# THE PROBLEM:
Both the line with "Radical Med Kuracja" and the line with "SpecificationVoltage: 11.55V Capacity:41.9WH;" in the records below must appear in the output, along with every line between them, exactly and with nothing added.

# INFORMATION GIVEN:
━━━━

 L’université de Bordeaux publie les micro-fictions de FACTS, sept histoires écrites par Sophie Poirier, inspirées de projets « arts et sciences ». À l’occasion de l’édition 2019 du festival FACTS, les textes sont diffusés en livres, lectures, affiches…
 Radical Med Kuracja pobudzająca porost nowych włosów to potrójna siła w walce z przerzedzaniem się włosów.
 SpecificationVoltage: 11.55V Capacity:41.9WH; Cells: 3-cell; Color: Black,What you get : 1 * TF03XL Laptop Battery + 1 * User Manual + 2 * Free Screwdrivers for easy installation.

━━━━

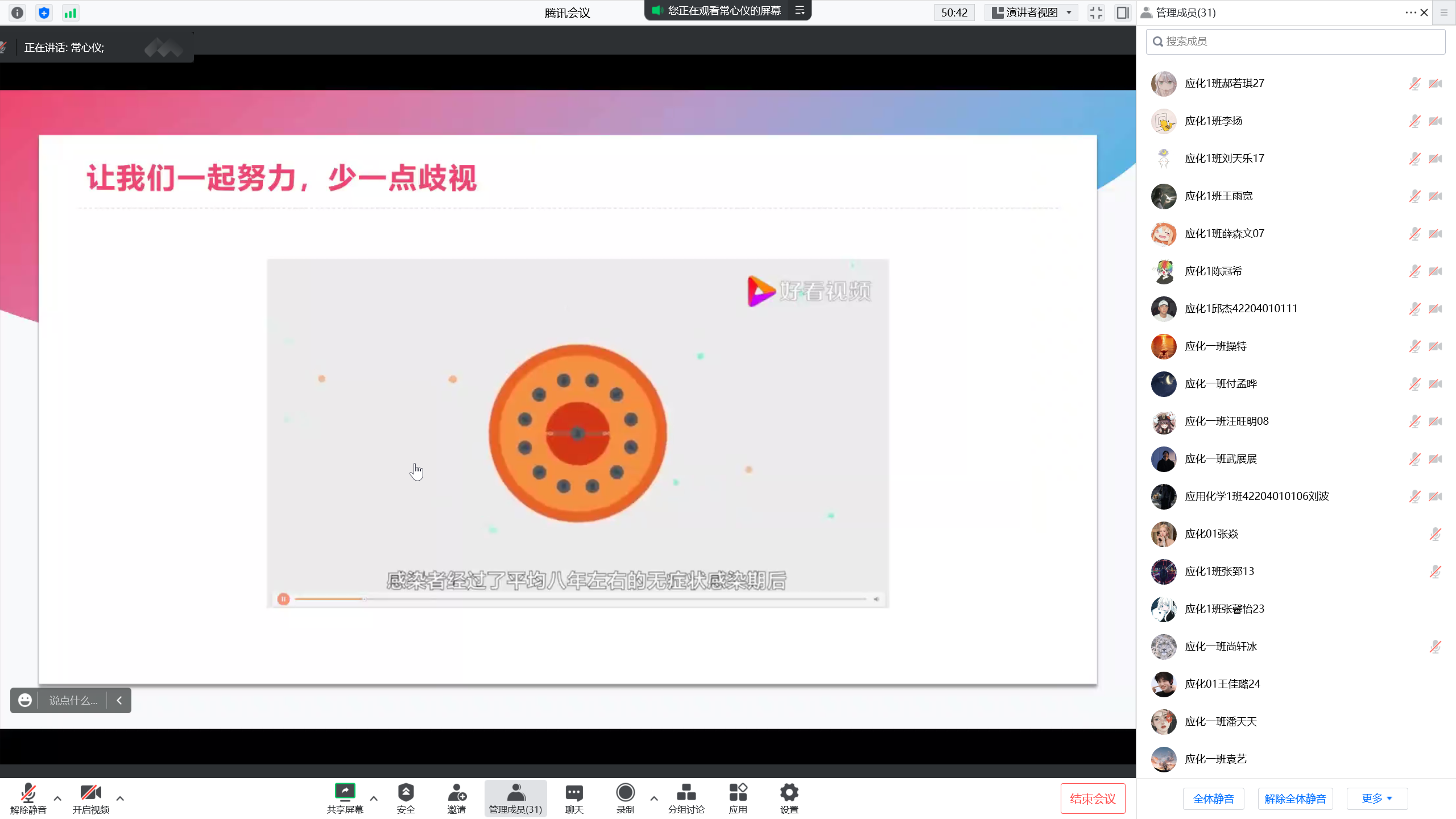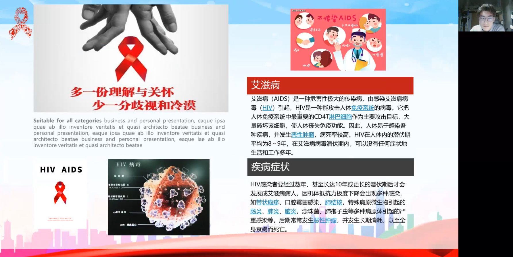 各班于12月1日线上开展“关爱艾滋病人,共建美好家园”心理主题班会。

━━━━

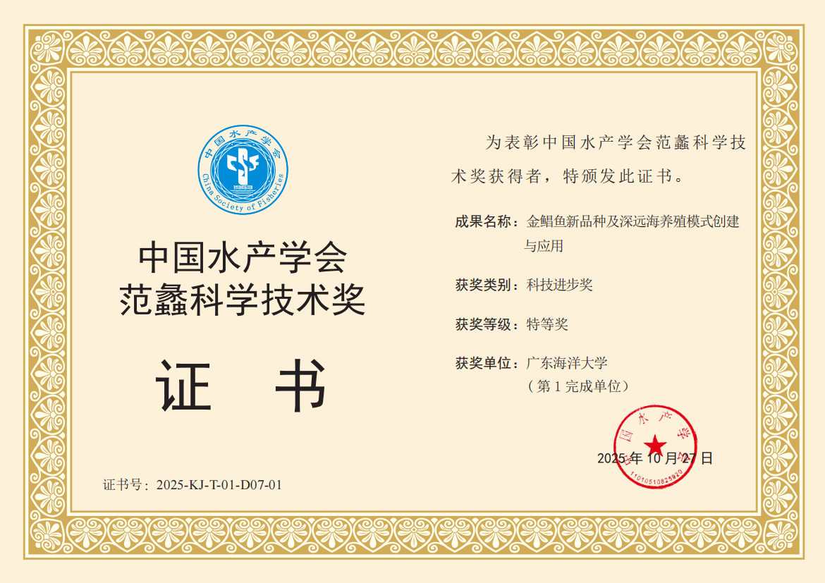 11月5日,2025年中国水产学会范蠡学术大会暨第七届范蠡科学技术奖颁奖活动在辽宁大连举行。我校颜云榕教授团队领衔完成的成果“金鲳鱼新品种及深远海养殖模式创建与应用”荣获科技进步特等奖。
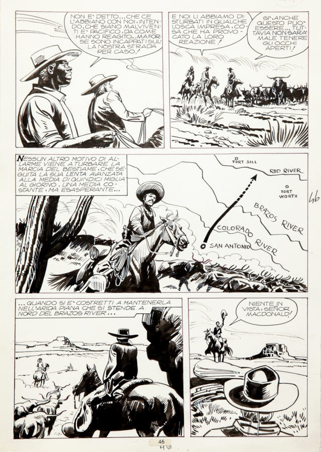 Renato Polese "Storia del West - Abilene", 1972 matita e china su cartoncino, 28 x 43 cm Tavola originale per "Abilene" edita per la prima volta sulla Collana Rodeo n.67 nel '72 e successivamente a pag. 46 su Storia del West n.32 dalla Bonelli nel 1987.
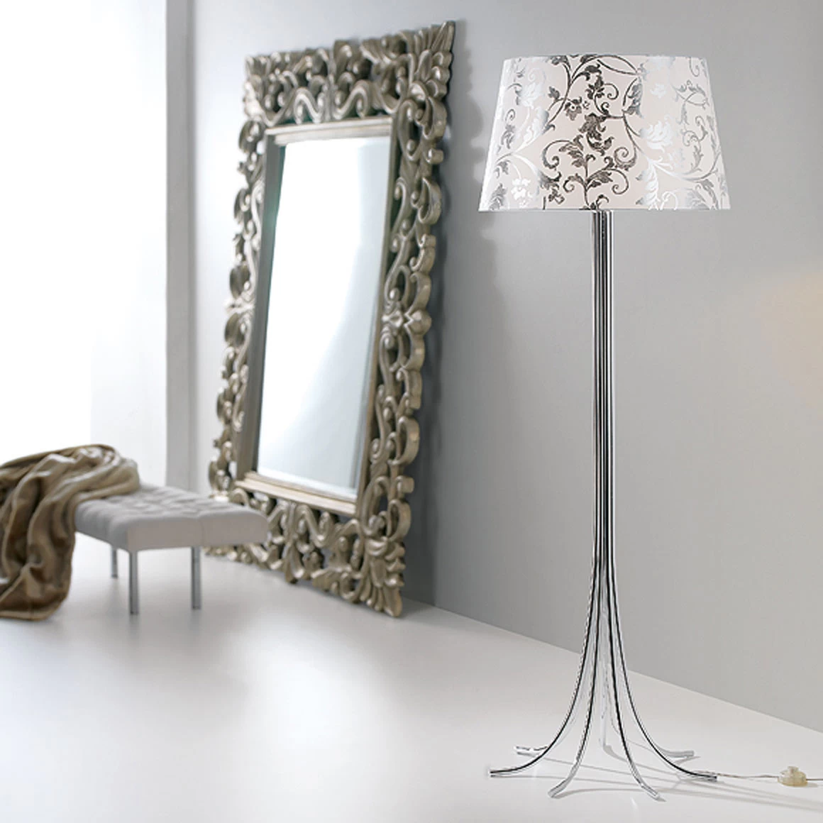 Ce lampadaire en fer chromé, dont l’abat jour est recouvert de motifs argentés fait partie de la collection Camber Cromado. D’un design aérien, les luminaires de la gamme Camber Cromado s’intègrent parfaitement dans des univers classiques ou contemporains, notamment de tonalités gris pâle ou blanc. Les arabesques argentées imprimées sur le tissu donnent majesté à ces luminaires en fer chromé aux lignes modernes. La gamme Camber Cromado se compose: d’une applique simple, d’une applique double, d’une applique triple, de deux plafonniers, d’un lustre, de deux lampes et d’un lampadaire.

━━━━

# RESULT OF THE EXERCISE:
 Radical Med Kuracja pobudzająca porost nowych włosów to potrójna siła w walce z przerzedzaniem się włosów.
 SpecificationVoltage: 11.55V Capacity:41.9WH; Cells: 3-cell; Color: Black,What you get : 1 * TF03XL Laptop Battery + 1 * User Manual + 2 * Free Screwdrivers for easy installation.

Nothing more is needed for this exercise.